Donald Trump’s former presidential campaign chairman will this week risk spending the rest of his life in prison, rather than help Robert Mueller’s investigation into possible collusion with Russia.
Paul Manafort is due to stand trial in Virginia from Wednesday on charges of bank fraud, tax evasion and conspiracy. Manafort, 69, faces prison sentences totalling up to 305 years if convicted on all counts. On Tuesday morning jury selection is scheduled to get underway. Then he is due to stand trial on separate charges in Washington.

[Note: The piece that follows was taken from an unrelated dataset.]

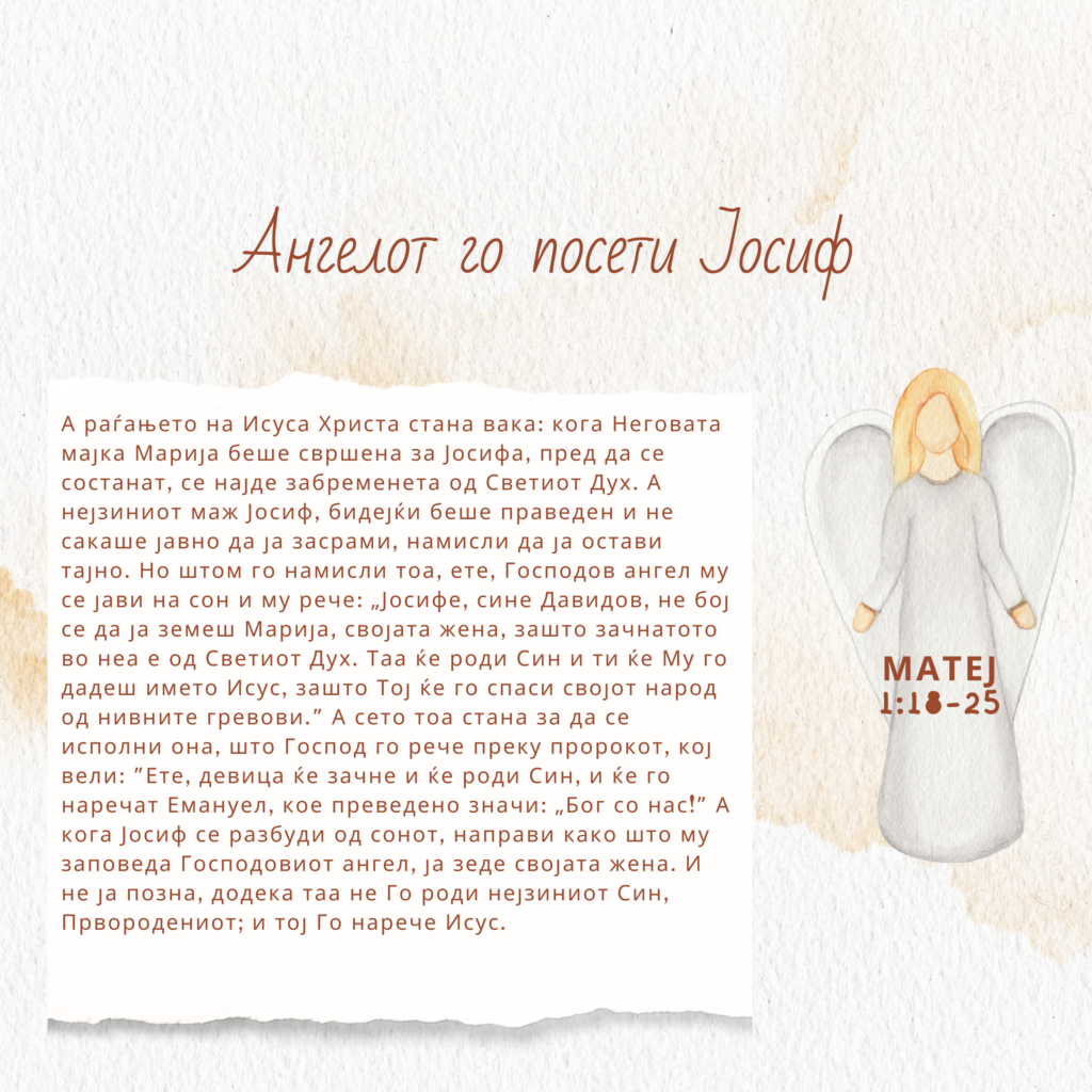 10Ангелот пак им рече: „Не бојте се, зашто, еве, ви најавувам добра вест, голема радост, која ќе биде за сите народи: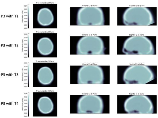 Figure 11. The attenuation maps obtained for patient P3 with the four templates. It is clearly visible that a part of the neck is not covered by the reference PET/CT scan of template T3 (and to a lesser degree also of template T1), and therefore results in a gap in the attenuation map.

Manafort denies all the charges. “I continue to maintain my innocence,” he said earlier this year in a now rare public statement.
The trial of the veteran conservative operator is the first major court challenge for the special counsel’s investigators who for 14 months have been looking into “links and/or coordination” between Russian government officials and Trump’s 2016 campaign.
Manafort came under scrutiny due to his work as an adviser to pro-Kremlin forces in Ukraine and with Oleg Deripaska, a Russian billionaire aligned with the Kremlin. Manafort allegedly owed serious debts to Deripaska and others and asked a colleague in one 2016 email how he might use his new position “to get whole”.
But the charges against Manafort do not explicitly relate to Russia or its attack on the US election. Mueller, who is empowered to pursue “any matters” arising from the Russia inquiry, is pursuing Manafort for alleged financial crimes beginning a decade before the 2016 vote.
He is charged with evading US taxes on more than $30m he received to work for Ukraine’s former pro-Kremlin president, Viktor Yanukovych, who in 2014 fled to Russia amid a popular uprising.
“The government does not intend to present at trial evidence or argument concerning collusion with the Russian government,” Mueller’s team said in a filing to court this month.
The prosecution has thus been widely viewed as an aggressive effort to squeeze Manafort into striking a deal to plead guilty to a lesser charge – and thus being able to see his grandchildren grow up – in return for assisting the Russia investigation.